Initially, I was just trying to see if I could call a native C++ class from C#,
but as I started playing with it, I realized that I could actually “inherit”
from the native class. I put “inherit” in quotes, because you could make an
argument that it isn’t truly inheritance, but I will let the reader make the
final decision.
Let’s say I have a C++ class exposed from a
DLL that I want to consume in C#. The class looks like the
following.
class __declspec(dllexport) CSimpleClass
{
public:
int
value;
CSimpleClass(int value) :
value(value)
{
}
~CSimpleClass()
{
printf("~CSimpleClass\n");
}
void M1()
{
printf("C++/CSimpleClass::M1()\n");
V0();
V1(value);
V2();
}
virtual void
V0()
{
printf("C++/CSimpleClass::V0()\n");
}
virtual void V1(int x)
{
printf("C++/CSimpleClass::V1(%d)\n",
x);
}
virtual void
V2()
{
printf("C++/CSimpleClass::V2()\n", value);
}
};
The
__declspec(dllexport) means that the class is exported from the DLL. What this
really means is that all of the class methods are exported from the DLL. If I
look at the list of exports using dumpbin.exe or depends.exe, I see the
following list of
exports.
??0CSimpleClass@@QAE@ABV0@@Z
??0CSimpleClass@@QAE@H@Z
??1CSimpleClass@@QAE@XZ
??4CSimpleClass@@QAEAAV0@ABV0@@Z
??_7CSimpleClass@@6B@
?M1@CSimpleClass@@QAEXXZ
?V0@CSimpleClass@@UAEXXZ
?V1@CSimpleClass@@UAEXH@Z
?V2@CSimpleClass@@UAEXXZ
These
are decorated (i.e. “mangled”) names. For most of these, you can probably guess
what the name is actually referring to.
(Note:
Name mangling may change between versions of C++ and mangling is different
between x86, x64, and Itanium platforms. The example here works on both VS2008
and the CTP release of VS2010.)
There is a nifty tool called
undname.exe that ships with Visual Studio, which can take a mangled name and
undecorate it. Running it on each of the names above gives the corresponding
output.
public: __thiscall
CSimpleClass::CSimpleClass(int)
public: __thiscall
CSimpleClass::~CSimpleClass(void)
public: class CSimpleClass
& __thiscall CSimpleClass::operator=(class CSimpleClass const
&)
const
CSimpleClass::`vftable‘
public: void __thiscall
CSimpleClass::M1(void)
public: virtual void __thiscall
CSimpleClass::V0(void)
public: virtual void __thiscall
CSimpleClass::V1(int)
public: virtual void __thiscall
CSimpleClass::V2(void)
Other than
the methods we explicitly defined, there is also a compiler generated assignment
operator and a reference to the vtable for this class. OK, so I know that using
P/Invoke, C# can call into native DLL entry points, and I just happen to have a
list of native entry points.
First, however, we
need to define a structure in C# that corresponds to the native class. Our
native class only has one field: an int. However, it does have virtual methods,
so there is also a vtable pointer at the beginning of the class.

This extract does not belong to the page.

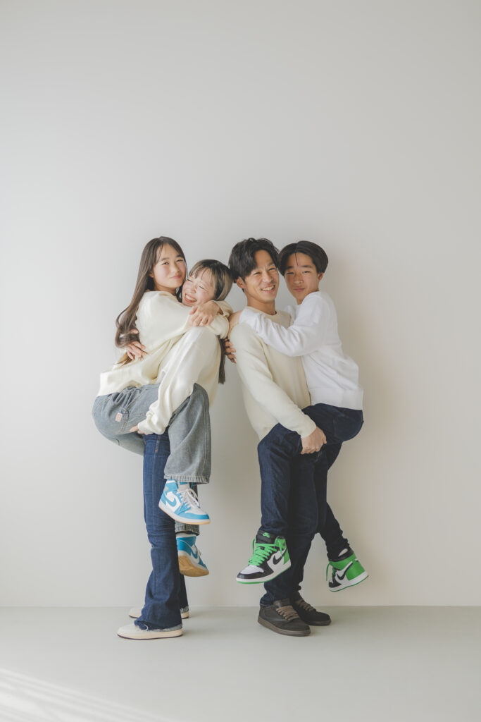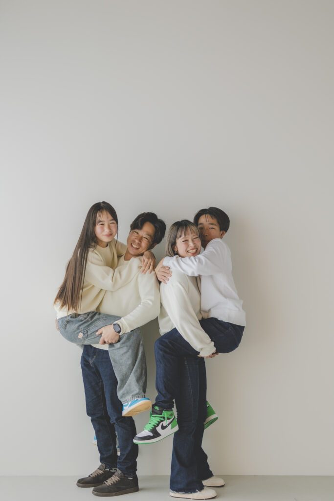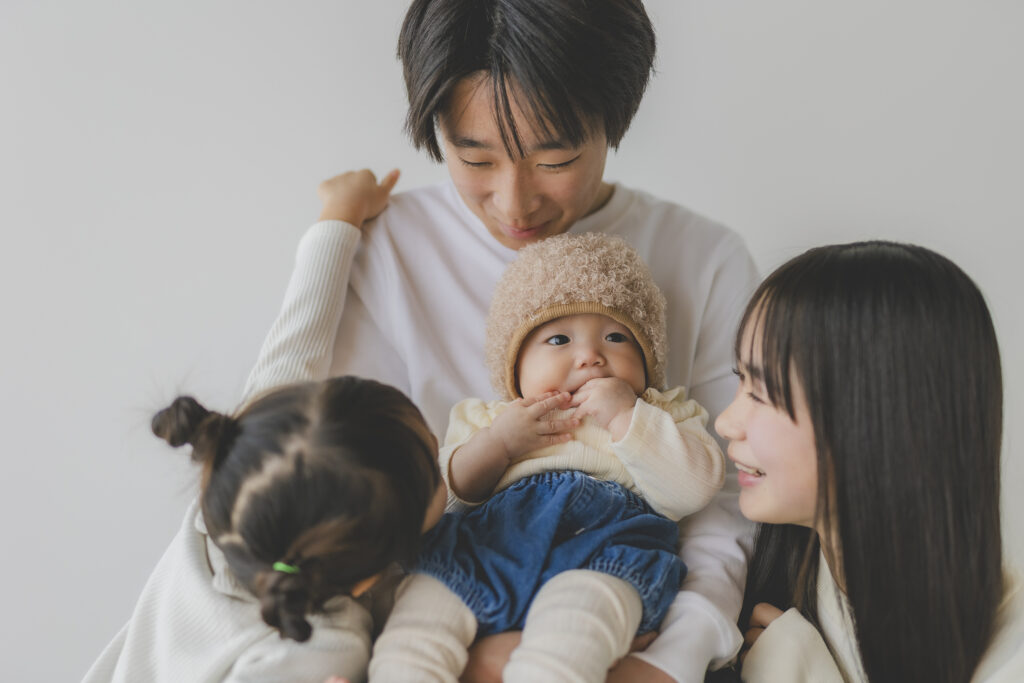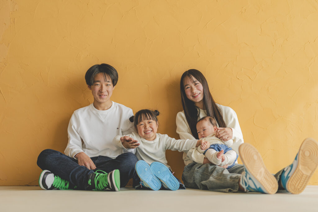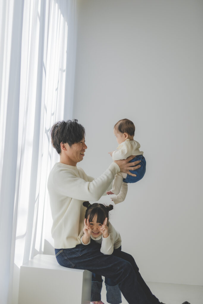 ご家族全員が末っ子の娘ちゃんにメロメロ! お兄ちゃん、お姉ちゃんたちが優しく見守る姿に、スタジオ全体が温かい幸福感に包まれたスタジオ撮影となりました。

(Note: I am only dealing with single
inheritance here. With multiple inheritance, there are multiple vtables and
vtable pointers.)
[StructLayout(LayoutKind.Sequential, Pack
= 4)]
public unsafe struct
__CSimpleClass
{
public IntPtr*
_vtable;
public int
value;
}
Next,
I am going to define a C# class that wraps the native class and mimics it. I
want to expose synchronous destruction, so the C# equivalent of that is
implementing IDisposable, which I do here. I also create a matching constructor
and the “M1” method of CSimpleClass. I use “DllImport” to specify the DLL name,
entrypoint, and calling convention. The “ThisCall” convention is the default for
C++ member functions.
(Note: to be safer, I should
explicitly specify calling conventions and structure packing in my native code,
but that is left out for brevity. If they aren’t explicitly specified, compiler
options can change the defaults.)
There are calls in the
code below to Memory.Alloc and Memory.Free. These were implemented by me and
just forward to HeapAlloc/Free in kernel32.dll.
public
unsafe class CSimpleClass :
IDisposable
{
private
__CSimpleClass* _cpp;
//
CSimpleClass constructor and destructor
[DllImport("cppexp.dll", EntryPoint = "??0CSimpleClass@@QAE@H@Z",
CallingConvention = CallingConvention.ThisCall)]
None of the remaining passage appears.